• _Work required_:
Exact reproduction of all the data is required, with pictures excluded.

BEGIN Information

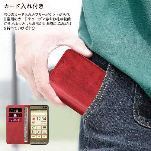 BASIO3 KYV43 ケース 手帳型 カバー KYOCERA 適用 BASIO 3 京セラ ベイシオ3 KYV43 ケース スマホケース 携帯カバー 手帳 財布 適用 case iCovercase 内蔵マグネット 弱磁 携帯カバー カード入れ スタンド シンプル カバー 落ち着いた色 スマホ 保護 レトロ レッド 245
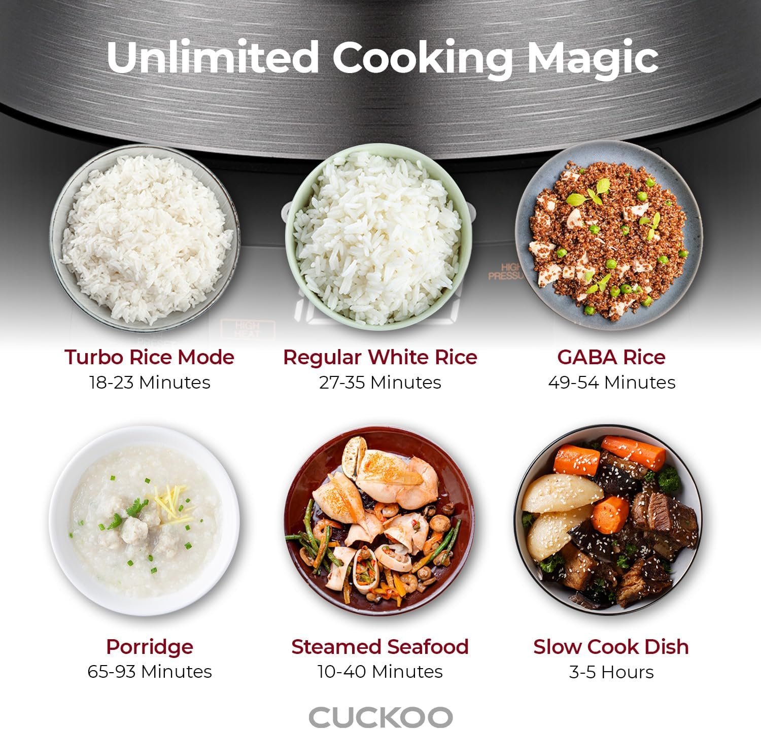 Enjoy Consistent, Delicious Rice with CUCKOO’s CRP-RT0609FB 6-Cup Twin Pressure Rice Cooker! As a Korean brand internationally known for its top-tier quality and with over 40 years of industry experience, CUCKOO guarantees all products are crafted with precision and care. With our CRP-RT0609FB rice cooker experience convenience at a large capacity. Key Features: Multi-Functional Cooking: With a variety of 14 menu options between white (glutinous) rice, scorched rice, baby food, and high pressure/non-pressure steam, a myriad of rice and meals is possible with this cooker. Twin Pressure Selections: Choose between pressure or non-pressure cooking for specific and customized results based on your own preferences. Smart Automated Technology: Included operating modes that make maintenance easier, such as a Keep Warm mode to automatically keep your rice at an optimal temperature without overcooking. 3 Language Voice Guide: Includes a voice navigation guide in English, Chinese, and Korean, this rice cooker will act as your personal kitchen assistant! Hassle-Free Cleaning: The unit comes with an inner lid to easily remove and clean to ensure rice will still taste great, even after continuous use. Serve rice quickly and easily with CUCKOO’s CRP-RT0609FB 6-Cup Twin Pressure Rice Cooker in no time!
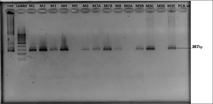 Fig. 1. Gel Image for detection of L. monocytogenes by nested PCR. Lane +ve represents L. monocytogenes ATCC 51776 (the positive control for the target gene), Lanes M1 to M10 correspond to samples from Meepe 1 to Meepe 10 respectively and the lane PCR -ve represents the negative control for PCR with Milli-Q water.
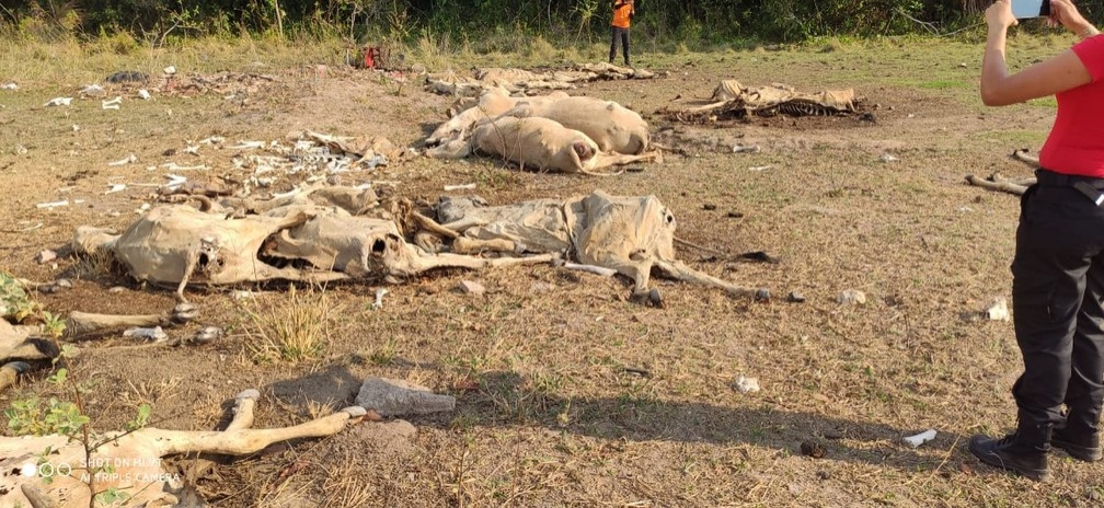 Uma denúncia levou policiais militares a encontrarem 40 bois mortos e outros desnutridos em uma propriedade rural em Araguaiana.
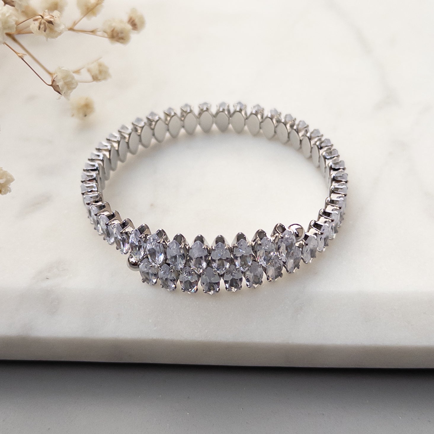 - Bratara flexibila fabricata din oțel inoxidabil, cu cristale de zirconiu aplicate.
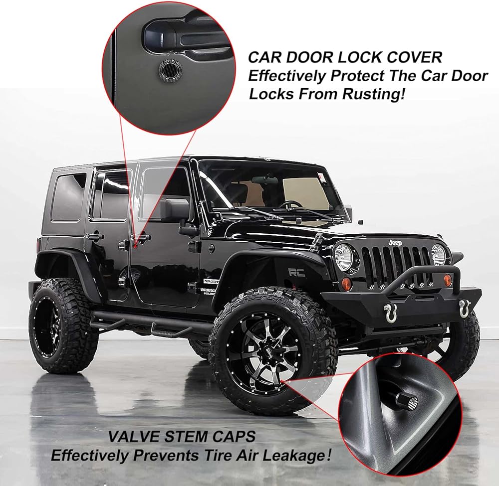 ⭐BUILT TO LAST & MAINTAIN RESALE VALUE FOR JEEP ACCESSORIES: Crafted from high-quality materials, our car door lock covers for jeep wrangler accessories JL JK TJ & jeep gladiator accessories JT are built to withstand the elements and provide long-lasting protection. Protecting your SUV door locks from rust and damage can help preserve its resale value and keep it looking pristine!
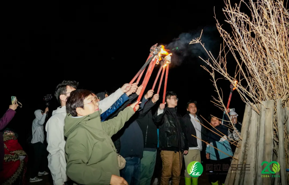 在庄重而神圣的仪式现场,企业家们见证了这一历史时刻。张文斐先生与新会员们接过牧民手中那簇象征着自然力量、生命延续与前人智慧的天火,这不仅是对新一代会员的厚望与信任,更是点燃了内心的希望之火,启迪着前行的方向。这一刻,他们不仅接收了前人的智慧与经验,更肩负起了推动环保发展、传承公益文化的重要使命。

END Information

• _Reply to the task_:
 BASIO3 KYV43 ケース 手帳型 カバー KYOCERA 適用 BASIO 3 京セラ ベイシオ3 KYV43 ケース スマホケース 携帯カバー 手帳 財布 適用 case iCovercase 内蔵マグネット 弱磁 携帯カバー カード入れ スタンド シンプル カバー 落ち着いた色 スマホ 保護 レトロ レッド 245
 Enjoy Consistent, Delicious Rice with CUCKOO’s CRP-RT0609FB 6-Cup Twin Pressure Rice Cooker! As a Korean brand internationally known for its top-tier quality and with over 40 years of industry experience, CUCKOO guarantees all products are crafted with precision and care. With our CRP-RT0609FB rice cooker experience convenience at a large capacity. Key Features: Multi-Functional Cooking: With a variety of 14 menu options between white (glutinous) rice, scorched rice, baby food, and high pressure/non-pressure steam, a myriad of rice and meals is possible with this cooker. Twin Pressure Selections: Choose between pressure or non-pressure cooking for specific and customized results based on your own preferences. Smart Automated Technology: Included operating modes that make maintenance easier, such as a Keep Warm mode to automatically keep your rice at an optimal temperature without overcooking. 3 Language Voice Guide: Includes a voice navigation guide in English, Chinese, and Korean, this rice cooker will act as your personal kitchen assistant! Hassle-Free Cleaning: The unit comes with an inner lid to easily remove and clean to ensure rice will still taste great, even after continuous use. Serve rice quickly and easily with CUCKOO’s CRP-RT0609FB 6-Cup Twin Pressure Rice Cooker in no time!
 Fig. 1. Gel Image for detection of L. monocytogenes by nested PCR. Lane +ve represents L. monocytogenes ATCC 51776 (the positive control for the target gene), Lanes M1 to M10 correspond to samples from Meepe 1 to Meepe 10 respectively and the lane PCR -ve represents the negative control for PCR with Milli-Q water.
 Uma denúncia levou policiais militares a encontrarem 40 bois mortos e outros desnutridos em uma propriedade rural em Araguaiana.
 - Bratara flexibila fabricata din oțel inoxidabil, cu cristale de zirconiu aplicate.
 ⭐BUILT TO LAST & MAINTAIN RESALE VALUE FOR JEEP ACCESSORIES: Crafted from high-quality materials, our car door lock covers for jeep wrangler accessories JL JK TJ & jeep gladiator accessories JT are built to withstand the elements and provide long-lasting protection. Protecting your SUV door locks from rust and damage can help preserve its resale value and keep it looking pristine!
 在庄重而神圣的仪式现场,企业家们见证了这一历史时刻。张文斐先生与新会员们接过牧民手中那簇象征着自然力量、生命延续与前人智慧的天火,这不仅是对新一代会员的厚望与信任,更是点燃了内心的希望之火,启迪着前行的方向。这一刻,他们不仅接收了前人的智慧与经验,更肩负起了推动环保发展、传承公益文化的重要使命。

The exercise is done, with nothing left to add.